(Dataset items)
+--

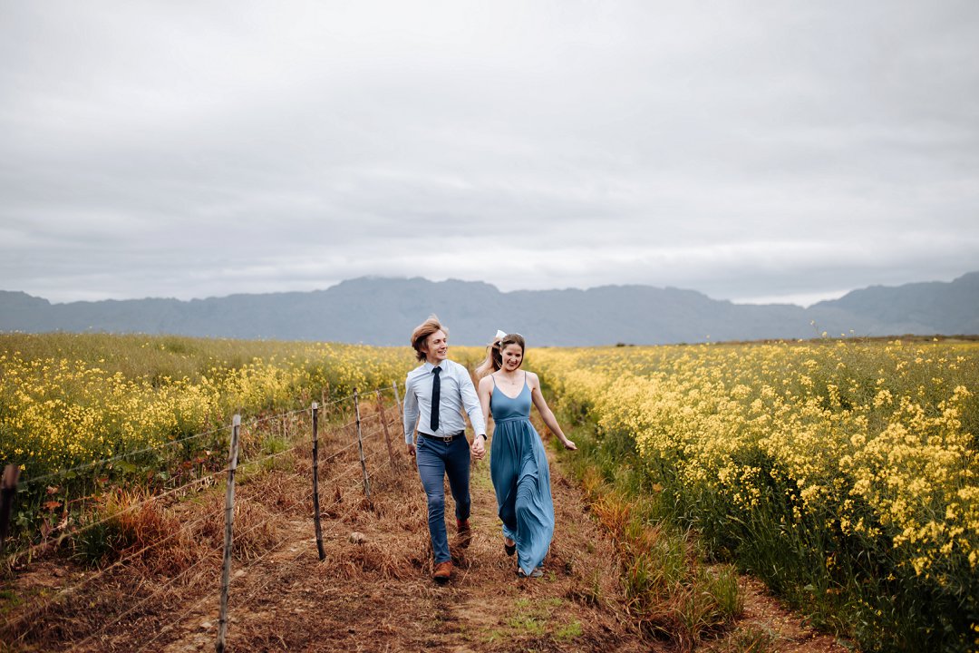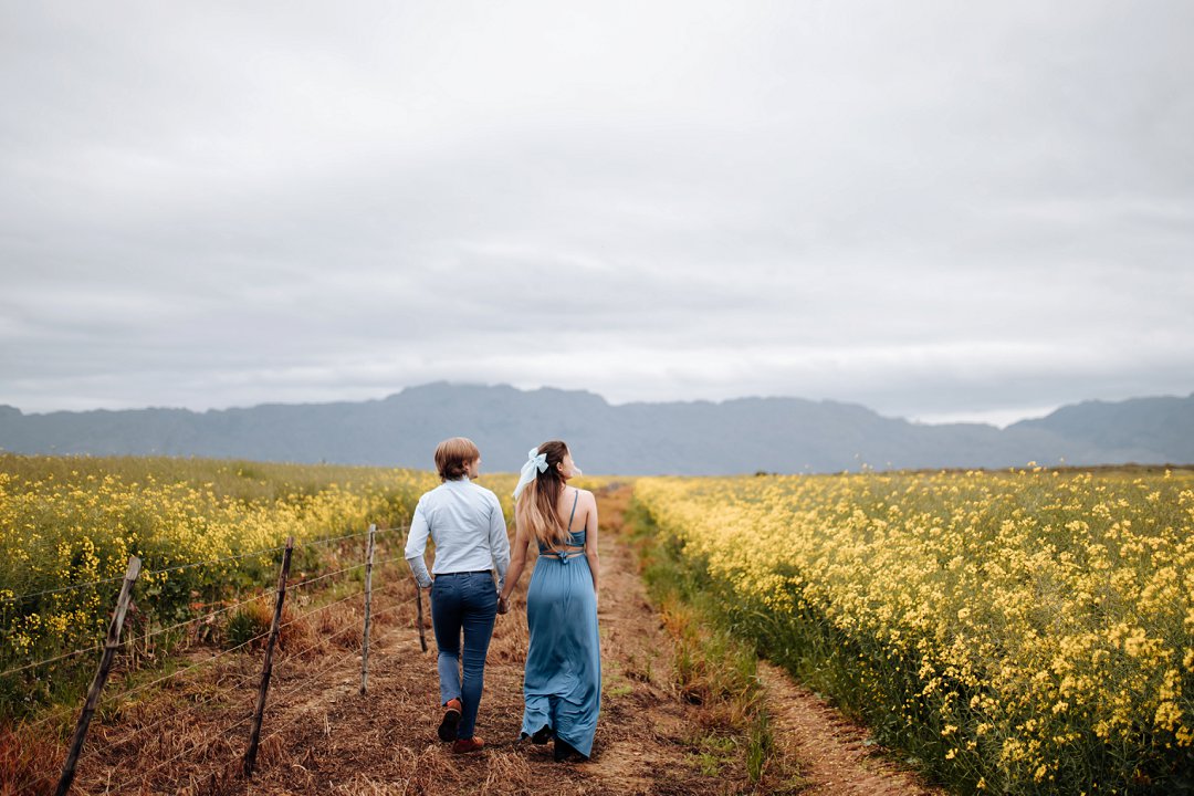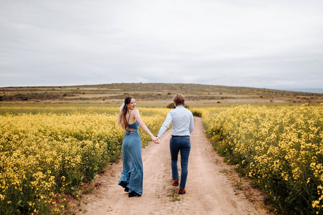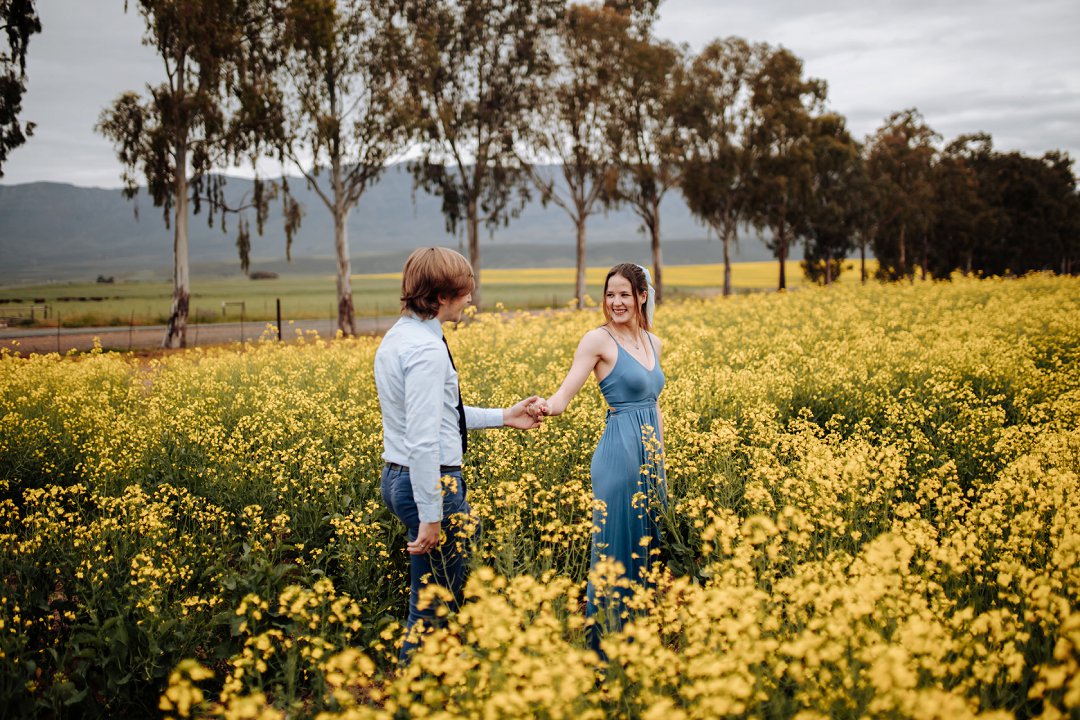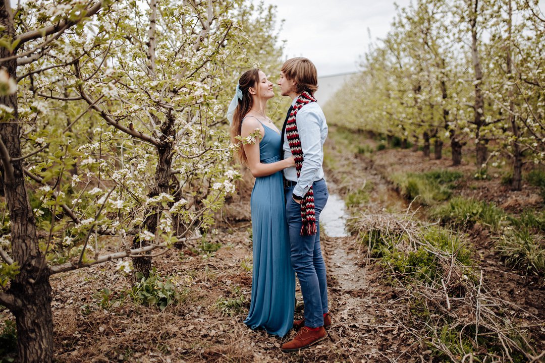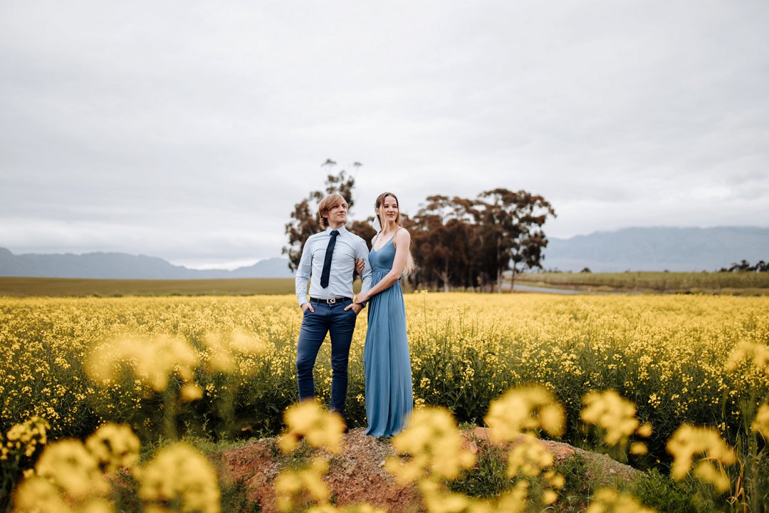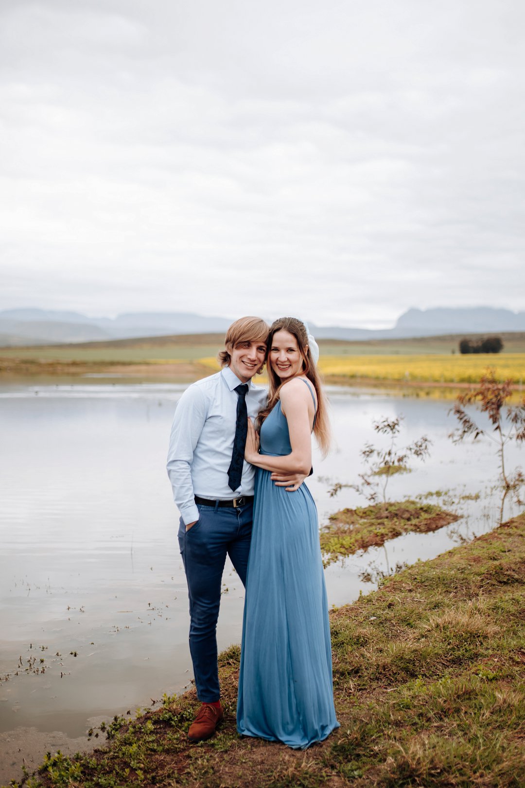 Die bewolkte weer laat die kleure só mooi uitstaan en gee die foto’s ʼn dramatiese en amper kinematiese gevoel. Verskillende landskappe was die agtergrond van die paartjie se fotosessie. Van die geel bloeisels, ʼn dam tot die wit bloeisels van die appel bome.
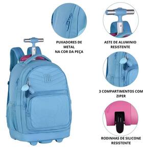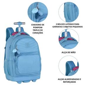 A mochila da linha Rebecca Bonbon, da Clio Style, é um item perfeito para quem busca unir estilo, funcionalidade e durabilidade. Com medidas de 35cm x 48cm x 19cm, esta mochila se destaca por seu design charmoso e prático. Equipada com rodinhas de silicone e uma haste que se eleva até 99cm, é ideal para facilitar o transporte.
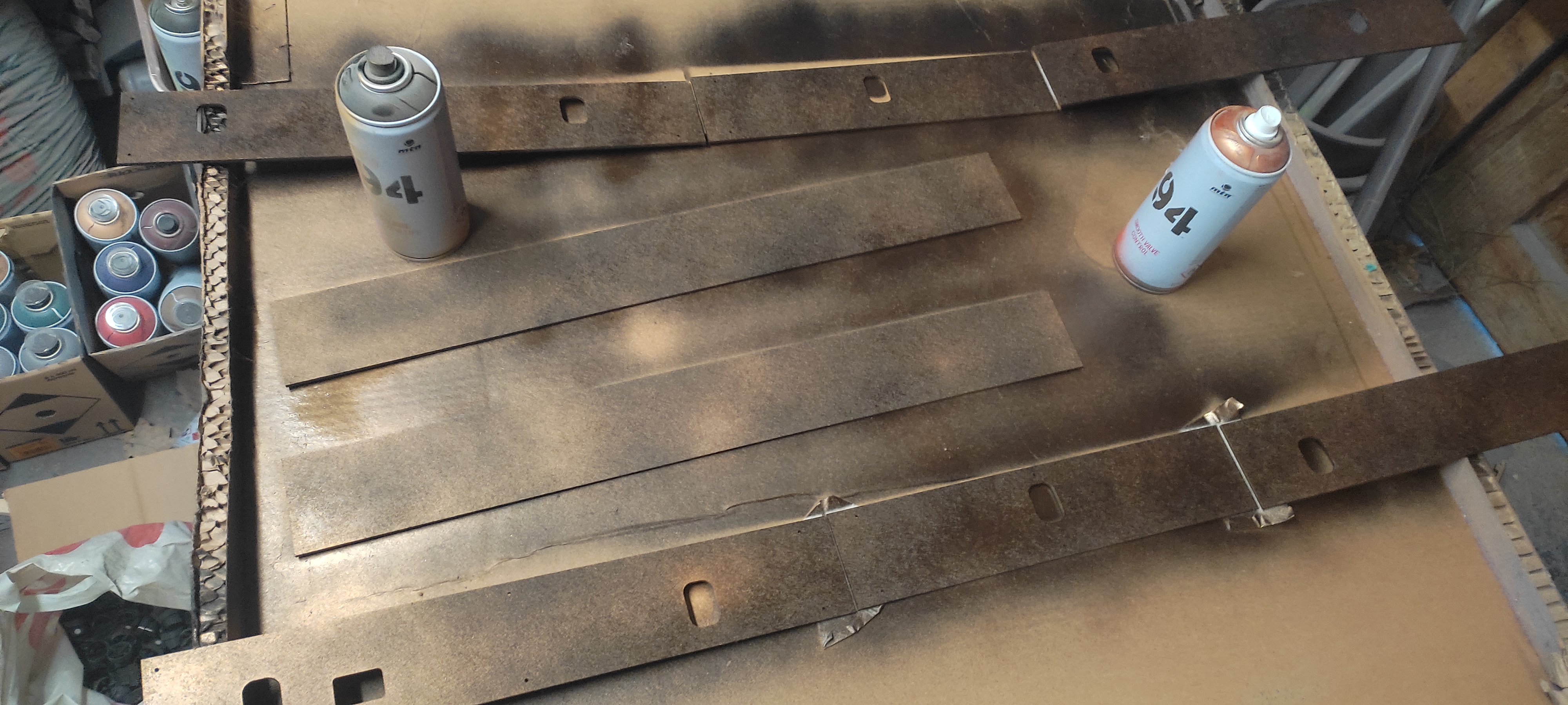 design, découpe et peinture de la face avant du bezel effet vieux metal avec un melange de noir et un voil de cuivre par endroit la photo est moche mais on voit les plaques en place, j'ai preferé opté pour plusieurs petite plaque pour limiter le démontage en cas d'emetteur hs, car oui ça aime bien crever le bezel est maintenant fini, il est temps de le tester avec un pti HOTD Scarlett Dawn
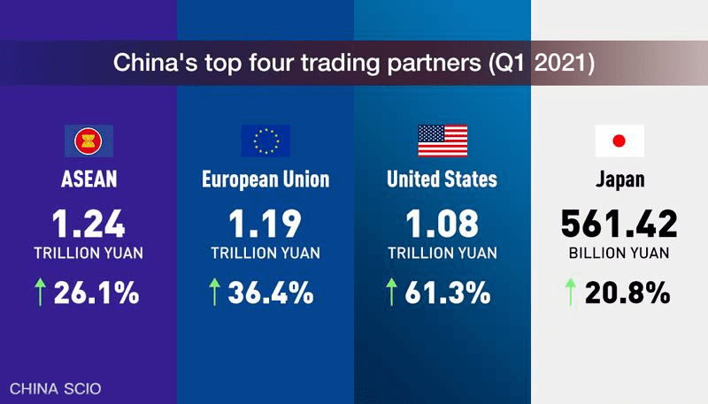 2021年第一季度东盟是中国最大的贸易伙伴,图源:China SCIO
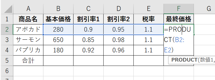 通常の掛け算記号を使うと「=B2*C2*D2*E2」と長くなりますが、PRODUCT関数なら簡潔に記述できます。
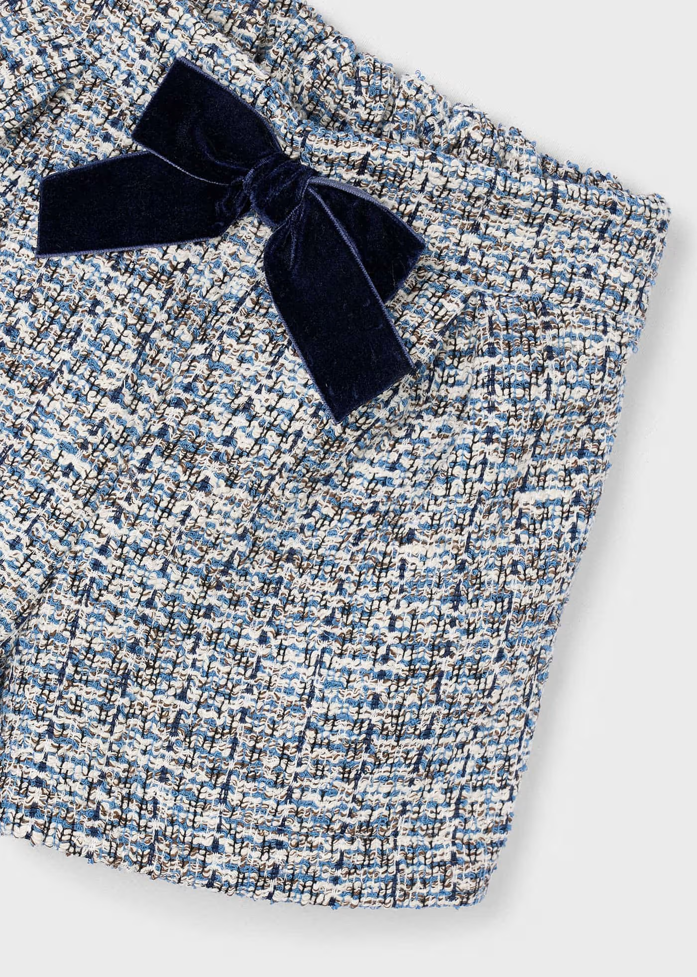 These elegant Mayoral shorts are crafted from a soft tweed fabric featuring a harmonious mix of blues, beige, and ivory threads, giving them a refined, textured look. A stretch waistband ensures a snug yet gentle fit, while a rich navy velvet bow adds a graceful touch at the center. Ideal for crisp fall days, school picture moments, or dressing up for family outings, they’re both versatile and timeless. Pair them with knit tops, tights, or Mary Janes to complete a polished cold-weather look with a hint of sophistication.

+--

→ AIM OF THE EXERCISE
Return every entry above word for word, and include no images.

→ ANSWER BOX
 Die bewolkte weer laat die kleure só mooi uitstaan en gee die foto’s ʼn dramatiese en amper kinematiese gevoel. Verskillende landskappe was die agtergrond van die paartjie se fotosessie. Van die geel bloeisels, ʼn dam tot die wit bloeisels van die appel bome.
 A mochila da linha Rebecca Bonbon, da Clio Style, é um item perfeito para quem busca unir estilo, funcionalidade e durabilidade. Com medidas de 35cm x 48cm x 19cm, esta mochila se destaca por seu design charmoso e prático. Equipada com rodinhas de silicone e uma haste que se eleva até 99cm, é ideal para facilitar o transporte.
 design, découpe et peinture de la face avant du bezel effet vieux metal avec un melange de noir et un voil de cuivre par endroit la photo est moche mais on voit les plaques en place, j'ai preferé opté pour plusieurs petite plaque pour limiter le démontage en cas d'emetteur hs, car oui ça aime bien crever le bezel est maintenant fini, il est temps de le tester avec un pti HOTD Scarlett Dawn
 2021年第一季度东盟是中国最大的贸易伙伴,图源:China SCIO
 通常の掛け算記号を使うと「=B2*C2*D2*E2」と長くなりますが、PRODUCT関数なら簡潔に記述できます。
 These elegant Mayoral shorts are crafted from a soft tweed fabric featuring a harmonious mix of blues, beige, and ivory threads, giving them a refined, textured look. A stretch waistband ensures a snug yet gentle fit, while a rich navy velvet bow adds a graceful touch at the center. Ideal for crisp fall days, school picture moments, or dressing up for family outings, they’re both versatile and timeless. Pair them with knit tops, tights, or Mary Janes to complete a polished cold-weather look with a hint of sophistication.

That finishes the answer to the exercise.